DD4 Das CRISPR-Aktivierungsplasmid (h) bietet einen gezielten, nicht-destruktiven Ansatz zur Hochregulierung der endogenen AKR1C4-Expression, ohne die zugrunde liegende DNA-Sequenz zu verändern.
DD4 Das CRISPR-Aktivierungsplasmid (h) ist ein aus drei Plasmiden bestehendes synergistisches Aktivierungsmediator-System (SAM), das für eine hocheffiziente, ortsspezifische transkriptionelle Hochregulation des AKR1C4-Lokus in menschlichen Zelllinien entwickelt wurde. Das System basiert auf einem katalytisch inaktiven Cas9 (dCas9), das zwei inaktivierende Mutationen (D10A und N863A) trägt, welche die Nukleaseaktivität eliminieren, während die DNA-Bindung erhalten bleibt. Dieses dCas9 ist mit VP64, einem potenten Transkriptionsaktivator, fusioniert und wird zusammen mit einem Blasticidin-Resistenzgen zur Selektion koexprimiert. Das zweite Plasmid kodiert das MS2-p65-HSF1-Fusionsprotein, einen sekundären Aktivatorkomplex, der zusammen mit dCas9-VP64 wirkt, sowie ein Hygromycin-Resistenzgen. Das dritte Plasmid kodiert für eine zielspezifische 20-nt-sgRNA, die an zwei MS2-RNA-Aptamere fusioniert ist, welche den MS2-p65-HSF1-Komplex an die Aktivierungsstelle rekrutieren, begleitet von einem Puromycin-Resistenzgen. Die drei Plasmide werden im Massenverhältnis 1:1:1 verabreicht, um eine ausgewogene Expression aller Systemkomponenten zu gewährleisten.

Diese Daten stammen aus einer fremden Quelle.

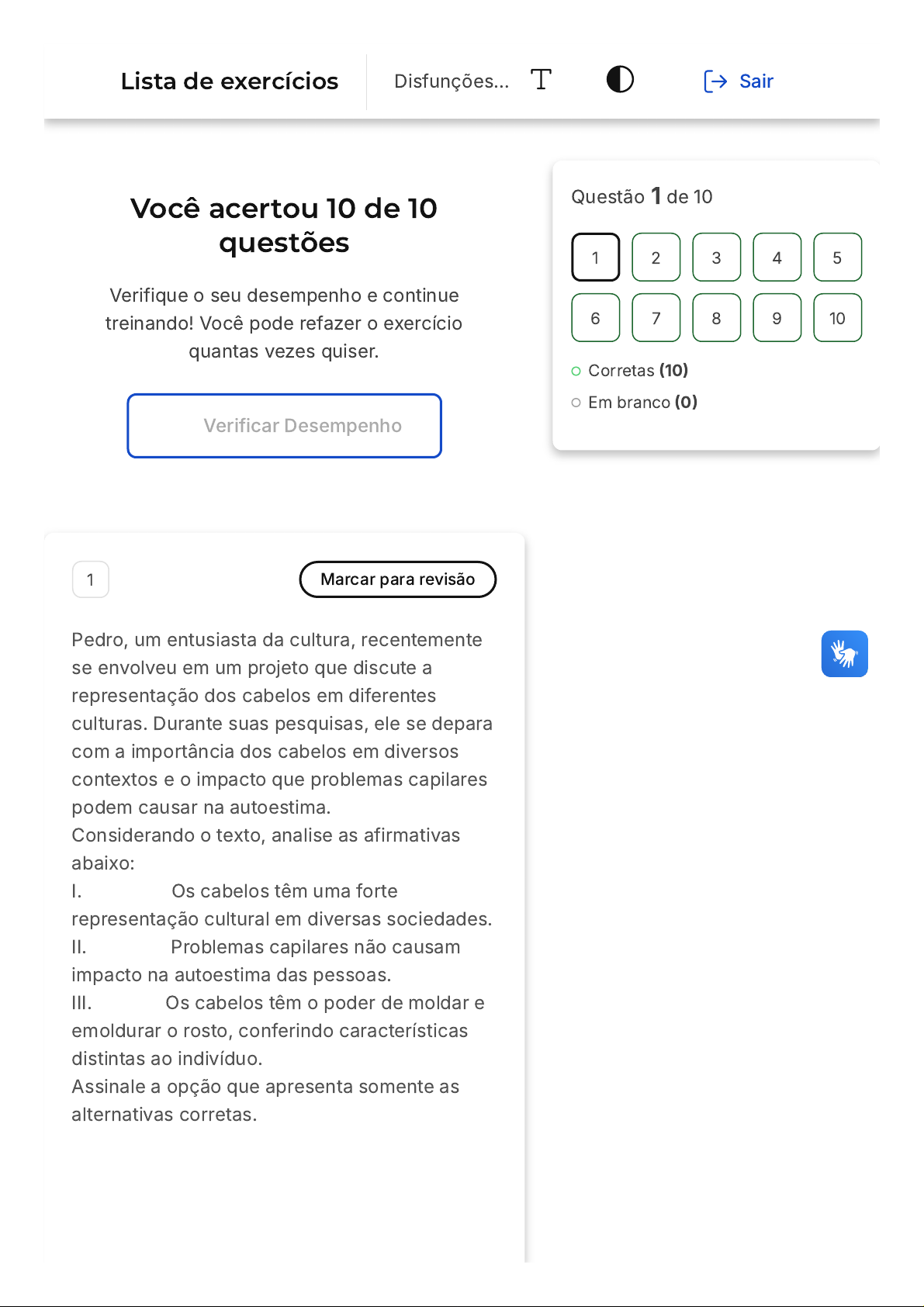 Você acertou 10 de 10 questões Verifique o seu desempenho e continue treinando! Você pode refazer o exercício quantas vezes quiser. Verificar Desempenho 1 Marcar para revisão Pedro, um entusiasta da cultura, recentemente se envolveu em um projeto que discute a representação dos cabelos em diferentes culturas. Durante suas pesquisas, ele se depara com a importância dos cabelos em diversos contextos e o impacto que problemas capilares podem causar na autoestima. Considerando o texto, analise as afirmativas abaixo: I. Os cabelos têm uma forte representação cultural em diversas sociedades. II. Problemas capilares não causam impacto na autoestima das pessoas. III. Os cabelos têm o poder de moldar e emoldurar o rosto, conferindo características distintas ao indivíduo. Assinale a opção que apresenta somente as alternativas corretas. Questão 1 de 10 Corretas (10) Em branco (0) 1 2 3 4 5 6 7 8 9 10 Lista de exercícios Disfunções… Sair A B C D E Apenas a afirmativa I está correta. Apenas a afirmativa II está correta. As afirmativas I e III estão corretas. Apenas a afirmativa III está correta. As afirmativas I e II estão corretas. Resposta correta Parabéns, você selecionou a alternativa correta. Confira o gabarito comentado! Gabarito Comentado A afirmativa I é verdadeira, pois os cabelos têm uma forte representação cultural em muitas sociedades ao redor do mundo. A afirmativa II é incorreta, uma vez que problemas capilares podem, de fato, afetar a autoestima de um indivíduo. A afirmativa III é correta, pois os cabelos têm o poder de moldar e emoldurar o rosto, dando uma identidade única ao indivíduo. 2 Marcar para revisão Muitas disfunções capilares são comuns na sociedade, levando a uma crescente demanda por tratamentos estéticos. Entretanto, é crucial diferenciar entre condições que podem ser A B C D E tratadas esteticamente e aquelas que necessitam de cuidados médicos. Por que é importante diferenciar entre condições capilares tratáveis esteticamente e aquelas que necessitam de cuidados médicos? Para determinar o preço do tratamento. Para escolher os produtos estéticos adequados. Para garantir a saúde e segurança do cliente e proporcionar cuidados adequados. Para promover tratamentos estéticos adicionais. Para avaliar a eficácia dos tratamentos estéticos oferecidos. Resposta correta Parabéns, você selecionou a alternativa correta. Confira o gabarito comentado! Gabarito Comentado A principal razão para diferenciar entre condições tratáveis esteticamente e aquelas que requerem intervenção médica é garantir a saúde e a segurança do cliente. Enquanto algumas condições capilares podem ser tratadas com procedimentos estéticos, outras podem necessitar de tratamentos médicos específicos. A B C D E Direcionar corretamente o cliente é essencial para seu bem-estar e saúde. 3 Marcar para revisão Patologia do couro cabeludo contagiosa, cujo acometimento inicia-se por pequenas lesões crateriformes em torno do óstio folicular, com mancha redonda, de cor rósea, podendo apresentar pequenas pústulas em sua borda. Tinha favosa. Tinha tonsurante. Tinea kérion. Dermatofitoses. Foliculite. Resposta correta Parabéns, você selecionou a alternativa correta. Confira o gabarito comentado! Gabarito Comentado A descrição da patologia do couro cabeludo apresentada no enunciado corresponde à Tinha favosa. Esta é uma infecção fúngica contagiosa que se caracteriza por pequenas lesões A B C D E crateriformes ao redor do óstio folicular, acompanhadas de uma mancha redonda de cor rósea e possíveis pequenas pústulas em sua borda. Portanto, a alternativa correta é a "A". 4 Marcar para revisão A terapia capilar é uma área em ascensão, dedicada a tratar e prevenir disfunções no couro cabeludo e nos fios. Terapeutas capilares utilizam uma variedade de recursos terapêuticos para melhorar a saúde capilar, proporcionando um aspecto mais saudável e ajudando os indivíduos a recuperar a confiança. Com base no estudo da terapia capilar, qual dos seguintes recursos pode ser considerado terapêutico? Utilização de produtos químicos para alisamento imediato. Aplicação regular de calor diretamente no couro cabeludo. Uso de shampoos e loções com ativos específicos. Corte frequente das pontas para estimular o crescimento capilar. Coloração frequente para esconder cabelos grisalhos. Resposta correta A B Parabéns, você selecionou a alternativa correta. Confira o gabarito comentado! Gabarito Comentado A alternativa correta enfatiza a importância de utilizar produtos com ativos específicos (como ácido salicílico, por exemplo) como um recurso terapêutico na promoção da saúde capilar. Ao contrário das outras opções, que podem causar danos ao couro cabeludo e aos fios, o uso de shampoos e loções com ativos específico para cada disfunção capilar é uma abordagem terapêutica que visa tratar ou prevenir esses casos. 5 Marcar para revisão Maria é uma jovem que sempre valorizou a aparência de seus cabelos. Recentemente, ela notou algumas alterações em sua estrutura capilar e está preocupada com possíveis disfunções capilares. Com base no estudo de caso e no conteúdo fornecido, qual das seguintes afirmações descreve a importância dos cabelos para o indivíduo? Os cabelos são meramente decorativos e não têm significado cultural ou pessoal. Os cabelos são importantes apenas para a aparência e não têm impacto na vida social de uma pessoa. C D E Os cabelos emolduram o rosto, representam o indivíduo e têm um impacto significativo na vida pessoal e social. Os cabelos são apenas uma parte do corpo e não têm representação cultural. A principal preocupação com os cabelos é manter a higiene, sem considerar aspectos estéticos. Resposta correta Parabéns, você selecionou a alternativa correta. Confira o gabarito comentado! Gabarito Comentado A importância dos cabelos vai além da estética. Eles emoldu

Nach der Assemblierung am Zielort bindet der SAM-Komplex etwa 200 bp stromaufwärts der AKR1C4-Transkriptionsstartstelle, wo VP64, p65 und HSF1 gemeinsam die Transkriptionsmaschinerie rekrutieren und die Hochregulation der endogenen DD4-Expression vorantreiben. Im Gegensatz zu nukleaseaktivem Cas9 verursacht dCas9 keine Doppelstrangbrüche und verändert die genomische Sequenz nicht, wodurch der native AKR1C4-Locus erhalten bleibt und die Untersuchung von DD4-abhängigen Transkriptionsreaktionen am endogenen Locus ermöglicht wird. Dies macht es zu einem wertvollen Werkzeug für Funktionsstudien, die Identifizierung von Zielgenen und die Modellierung der Wiederherstellung des DD4-Signalwegs in Tumorzellen mit stillgelegtem oder reduziertem AKR1C4-Ausdruck.
Nur für Forschungszwecke. Nicht für diagnostische oder therapeutische Zwecke bestimmt.